Re: [boost] [variant2] documentation request

3 Mar 2019

      On Sun, Mar 3, 2019 at 7:39 AM Peter Dimov via Boost
 wrote:
...
Gottlob Frege wrote:
...
For variant, can I assign a T that has an operator int()?
Is assignment templatized?
What happens with
struct Bad
{
    operator int() { throw false; }
};
variant v = (short)10;
v = Bad();
For the following:
#include "boost/variant2/variant.hpp"
#include <iostream>
struct Bad
{
    operator int() { throw false; }
};
using namespace boost::variant2;
int main()
{
    variant v = (short)10;
try
    {
        v = Bad();
    }
    catch(...)
    {
        std::cout << "Exception\n";
    }
visit([](auto const& x){ std::cout << "(" << typeid(x).name() << ")" <<
x << std::endl; }, v );
}
the output is
Exception
(short)10
There are a number of subtleties here that I haven't quite captured in the
documentation; I'll see how I can document the behavior properly. The
assignment itself is
"template<class U> constexpr variant& operator=( U&& u )
  noexcept( /*see below*/ );
Let Tj be a type that is determined as follows: build an imaginary function
FUN(Ti) for each alternative type Ti.

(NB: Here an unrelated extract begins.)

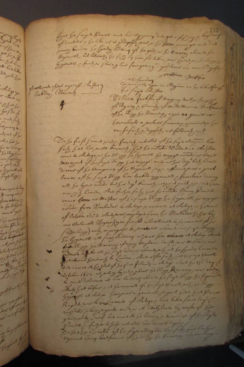 of October 1652 And was imployed from the Barbados thither by

The overload FUN(Tj) selected by
overload resolution for the expression FUN(std::forward<U>(u)) defines the
alternative Tj which is the type of the contained value after construction.
Effects:
If index() == j, assigns std::forward<U>(u) to the value contained in *this.
Otherwise, equivalent to emplace<j>(std::forward<U>(u))."
and that's correct. So in this case index() is not j and it does
emplace<1>( Bad() ).
The behavior of emplace varies depending on a number of things:
- whether all types are trivially destructible
- whether the variant is single- or double-buffered
- whether the type we're constructing is nothrow constructible from the
arguments
- whether all contained types are trivially move constructible and move
assignable
- and finally, whether, in the single buffered case, we have a monostate
type
In this specific case, it's trivially destructible, single buffered, int not
nothrow constructible from Bar, all types trivially move constructible and
move assignable; so we end up constructing a temporary variant, then
memcpy-ing it over *this.
And do you sometimes do the opposite order - memcpy *this to a
temporary, emplace into this, memcpy back from the temporary if
emplace failed?

ie when the current value is trivial, but the new one isn't?

I'd like std::variant to do a few more of these heroics.